Иоанн вначале растерялся от такого вопроса, но когда смущение его немного прошло, просто ответил:

— Мы говорим, что только Бог и никто другой есть виновник всяких благ, но не зла.

— Но кто же, по-твоему, виновник зла? — в нетерпении перебил его халиф.

— Разумеется, тот, кто по своей воле творит зло: диавол и мы, люди.

— Почему же Бог допускает, чтобы они творили это зло? — хитро сощурив глаза, спросил Омар.

— Потому что демоны и люди обладают свободной волей, которой их наделил Творец.

— Значит, человек свободен и что хочет может делать и делает?

— Нет, — ответил Иоанн, — абсолютной свободой обладает только Бог, человек свободен лишь для двух вещей. Для злодеяния и для благодеяния, что есть добро и зло. Поэтому, делая зло, я несу наказание от закона Божия, а творя благо, не страшусь закона, но и почтен и помилован Богом. Подобно и диавола Бог сотворил свободным еще прежде людей, и он согрешил, и Бог изверг его из ангельского чина.

— Но то, что ты называешь добром и злом, — что это? — не унимался Омар. — Не кажется ли тебе, что без воли Всевышнего ничего не может происходить в этом мире?

— Хорошо, мой господин, давай рассудим. Например, добро есть прославление Бога, молитва, милостыня и подобное им, а зло — блуд, воровство и подобное; если же, как ты говоришь, добро и зло от Бога, то Бог у тебя окажется неправедным, разве не так? Ведь если Бог повелел, как ты считаешь, блуднику блудить, вору красть, убийце убивать, то все они достойны чести, ибо сотворили волю Божию. Тогда окажется, что законодатели лжецы, а книги законов подложны, потому что предписывают сечь блудника и вора, сотворивших волю Божию, и казнить убийцу, которого следовало бы чтить, потому что он сотворил волю Божию.

— Здесь я с тобой соглашусь, — сказал халиф, — я и сам считаю, что зло не от Бога. Но хочу спросить тебя: тот, кто совершил волю Божию, добро сделал или зло?

— Конечно, добро, — уверенно ответил Иоанн.

— Тогда ответь мне: Христос волею пострадал или не волею?

— Да, Христос пострадал волею, — ответил Иоанн, догадываясь, что все предыдущие вопросы халифа по поводу свободы воли были задаваемы исключительно ради этого вопроса.

— Тогда вы, христиане, должны быть благодарны иудеям за то, что именно они исполнили волю Божию, — торжественно заключил разговор халиф и знаком руки показал, что аудиенция закончена.

Иоанну ничего не оставалось делать, как только, поклонившись, удалиться, так и не успев возразить на этот выпад сарацинского владыки.
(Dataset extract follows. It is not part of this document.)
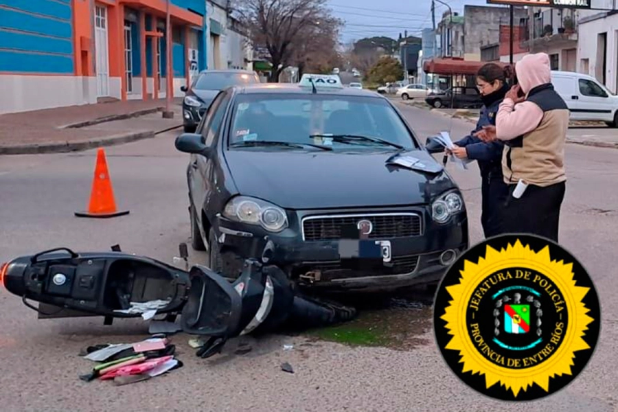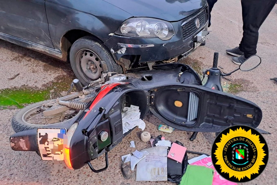 Una mujer de 36 años fue trasladada al hospital local tras colisionar con su moto contra un automóvil en Concepción del Uruguay. Se aguarda el parte médico para determinar la gravedad de las heridas tras el accidente.

Теперь же, придя домой, он ощутил в душе чувство неудовлетворенности от неоконченного разговора с халифом. Посидев в раздумье, Иоанн решил написать полемическое сочинение на тему сегодняшней беседы. Он пододвинул к себе чернильный прибор, взял лист пергамента и, обмакнув перо в чернильницу, крупными буквами вывел название: «Разговор христианина с сарацином». Подумав еще немного, он быстро и уверенно начал писать: «На вопрос сарацина: «Кого ты считаешь виновником добра и зла?» — христианин отвечает…»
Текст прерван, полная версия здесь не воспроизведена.